でも、彼女には俺の事知っておいてほしかった。この昔話は愚痴でもなんでも無く、れっきとした俺の「過去」なんだ。
「…………そう、なんだ……」
彩は今も尚驚いてるようだった。
そんな彩の手を、俺は上から自分の手で覆いかぶせるようにして握った。
「でもさ、こんな言い方なんだけど、里砂がソイツと一緒になってくれたから、俺は彩と付き合う事が出来たんだよね……。や、別れるなら別れるで、もっとマトモな別れ方したかったけど……」
「うん」
彩は頷いた。かぶさってる俺の手を握って、コクンと頷いた。
「ごめん。……こんな話したって楽しくもなんとも無いってのは分かってる。でも…………でも俺…」
「うん、分かってるよ」
俺の言葉を遮って、彩は言った。大きな目を少し潤ませながら、俺を見ていた。
それを見て、また泣きそうになった。この間から涙腺緩みまくりだ、チクショウ!
「大丈夫だよ。私、なんでも聞くから。私には聞く事しか出来ないけど、でもそれでも、少しでも役に立てるんなら、話してくれて……いいよ?」
「彩……」
ごめん、彩。俺は話しながら凄く切なくなってたんだ。何だかんだ言って、やっぱり俺はまだ里砂の影を追ってるのかも知れない。
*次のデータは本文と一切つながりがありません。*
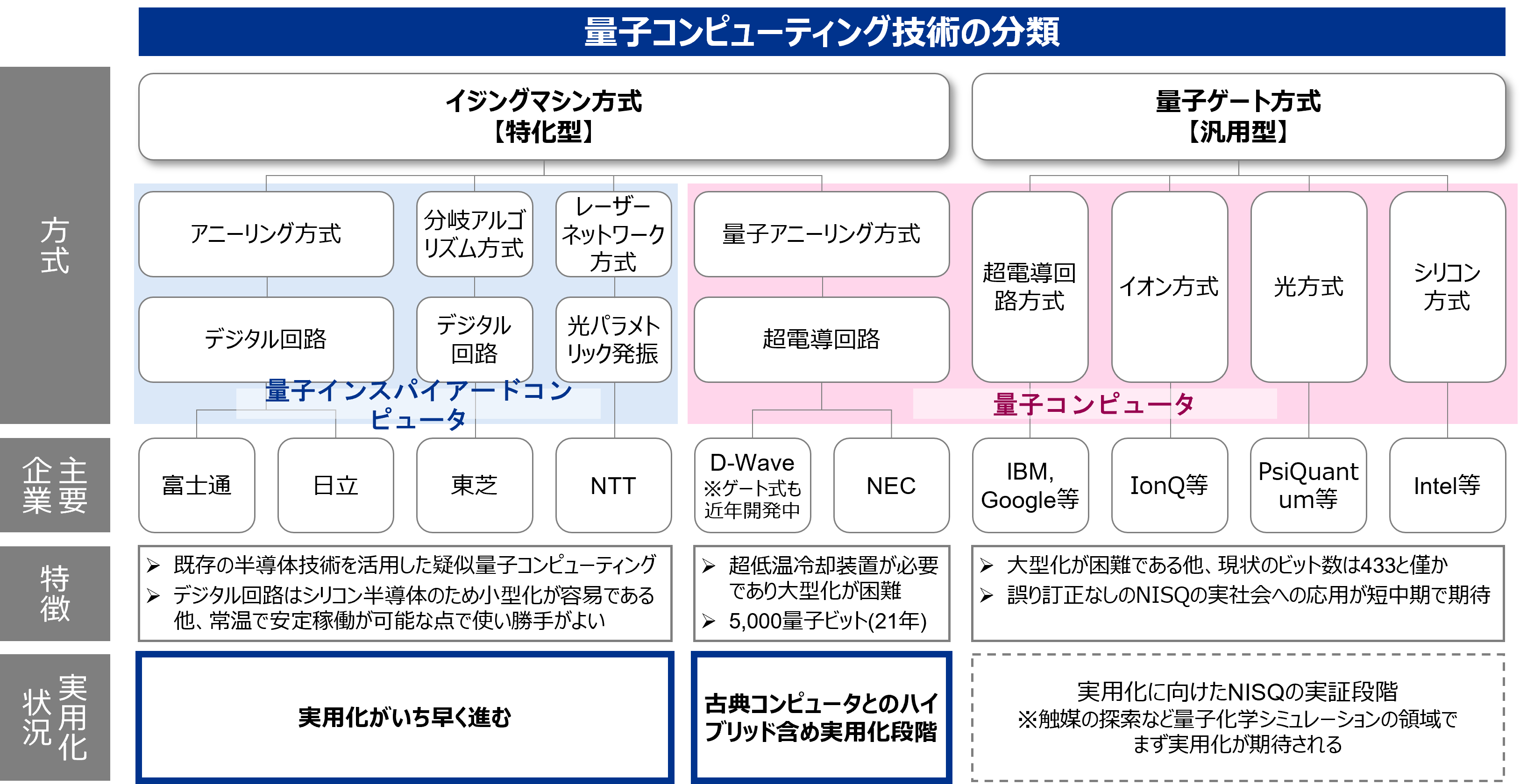 量子ゲート方式のビット数が発展途上であることと大型化に課題がある一方、イジングマシン方式は、既存の半導体技術を活用した疑似量子コンピューティングで、デジタル回路はシリコン半導体のため小型化が容易である他、常温で安定稼働が可能な点で使い勝手がよい、といった特性から実用化がいち早く進んでいる。特に、量子コンピュータの計算手法を取り入れた古典コンピュータである量子インスパイアードコンピュータは、組み合わせ最適化問題を高速に解くマシンが各メーカーで開発されている。
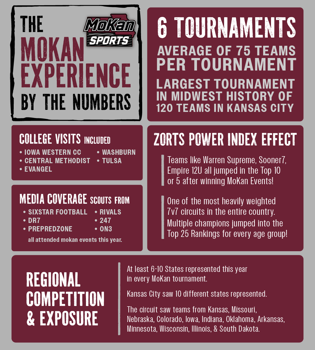 MoKan was established in 2022 where we were one of the first 7v7 circuits in the region. MoKan started with one tournament & grew it to 7 tournaments coming in 2025 that is recognized as one of the premier 7v7 circuits in the country.
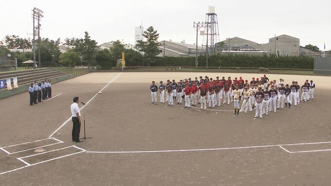 ことしで7回目となる大会には、金沢市早朝ソフトボール連盟に加盟の4チームと、富山・福井の3チームが参加し、小立野クラブの林公一郎さんが「オリンピックに負けない熱い試合をします」と、力強く選手宣誓しました。

自分から離れていったアイツを―――まだ好きなのかも知れない。
嫌いになったはずなのに。憎んだはずなのに。
今俺が付き合ってるのは里砂じゃなく、彩なのに。彩だけ想ってればいいのに。
浮気された奴を想い出すなんて……。
なんでも聞く、と言ってくれた彩の優しさと、嬉しさと、切なさと、悲しさと申し訳なさが……色んな感情が絡み合ってる。
苦しい。
目の前で涙を堪えてる彩を見るのが苦しい。里砂を想い出せてしまうのも苦しい。
その潤んだ目をしてる彩がぼやけたから、俺はとっさに横を向いた。全てがぼやけて見える。
歯を食い縛った。更にぼやけた。
鼻の骨の辺りがツーンとした。涙を見られないように、俺は川原の坂を走って下りた。彩の声を背中で聞きながら、俺は思い切り走った。
死にそうなくらいに胸が苦しかった。
川の前まで来て、座り込んだ。草に頭を付けた。草も土も、俺の嗚咽を吸い込んでくれる。
彩も走ってきてた事に気付いたけど、もう止められなかった。
止めようとすればするほど声は漏れる。涙は溢れる。
情けないとか恥ずかしいとか、そんな感情はもうどうでもよくなって、俺はずっと、顔を伏せながら川のせせらぎを聞いてた。